■ **WORK ITEM**: Repeat all the lines below exactly, but omit the pictures.

■ **RAW DATA**:
----
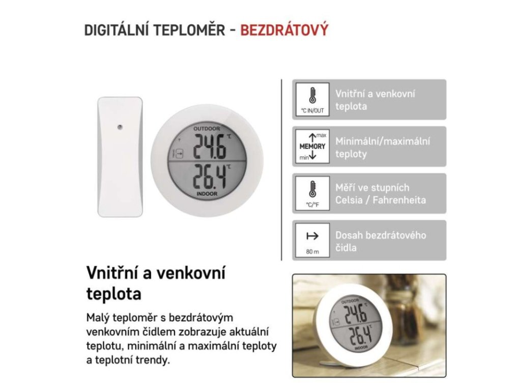 | Provedení teploměru: | bezdrátový |
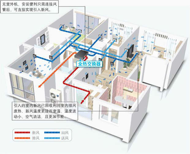 具備熱交換特點,在引進新風和排除渾濁空氣的同時通過熱交換降低熱量和冷量的損失,室內(nèi)溫度波動不大,但是需要預埋管道,安裝相對來說比較麻煩。
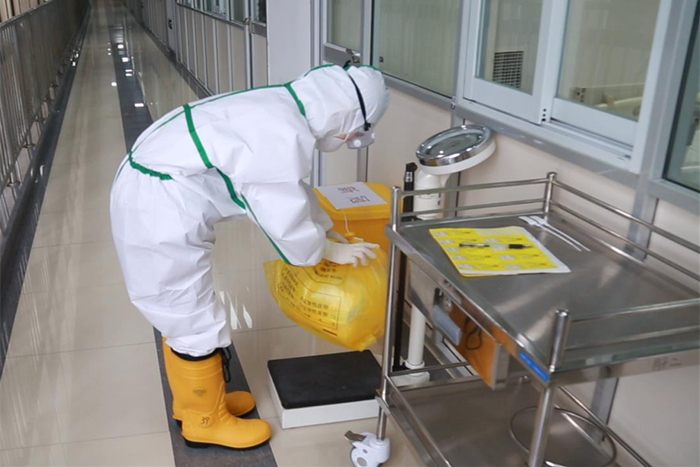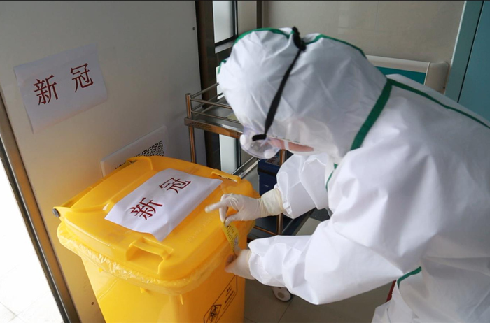 据了解,该院新冠病房内与患者有接触的所有垃圾都被视为“新冠医疗废物,除隔离服、口罩等医用防护品外,饭盒、纸巾、筷子甚至报纸等都由专业人员密封处置并在24小时内迅速转运。标有“新冠”字样的醒目黄色垃圾袋、垃圾桶专门用于装袋和转运。为防止交叉感染的发生,医院专门处理“新冠医废的人员身穿防护服对垃圾袋采用鹅颈结式特殊手段进行包扎密封,经称重记录、消毒喷洒、扫码确认等多重环节处理后,从专用通道运送至医院的垃圾固体废物暂存处置中心。暂存处置中心为普通固废和“新冠医废开辟双门分开清运,即一个用来运送普通医疗废物,一个专门用来运送新冠医疗废弃物。
----
■ **WRITTEN ANSWER**:
 | Provedení teploměru: | bezdrátový |
 具備熱交換特點,在引進新風和排除渾濁空氣的同時通過熱交換降低熱量和冷量的損失,室內(nèi)溫度波動不大,但是需要預埋管道,安裝相對來說比較麻煩。
 据了解,该院新冠病房内与患者有接触的所有垃圾都被视为“新冠医疗废物,除隔离服、口罩等医用防护品外,饭盒、纸巾、筷子甚至报纸等都由专业人员密封处置并在24小时内迅速转运。标有“新冠”字样的醒目黄色垃圾袋、垃圾桶专门用于装袋和转运。为防止交叉感染的发生,医院专门处理“新冠医废的人员身穿防护服对垃圾袋采用鹅颈结式特殊手段进行包扎密封,经称重记录、消毒喷洒、扫码确认等多重环节处理后,从专用通道运送至医院的垃圾固体废物暂存处置中心。暂存处置中心为普通固废和“新冠医废开辟双门分开清运,即一个用来运送普通医疗废物,一个专门用来运送新冠医疗废弃物。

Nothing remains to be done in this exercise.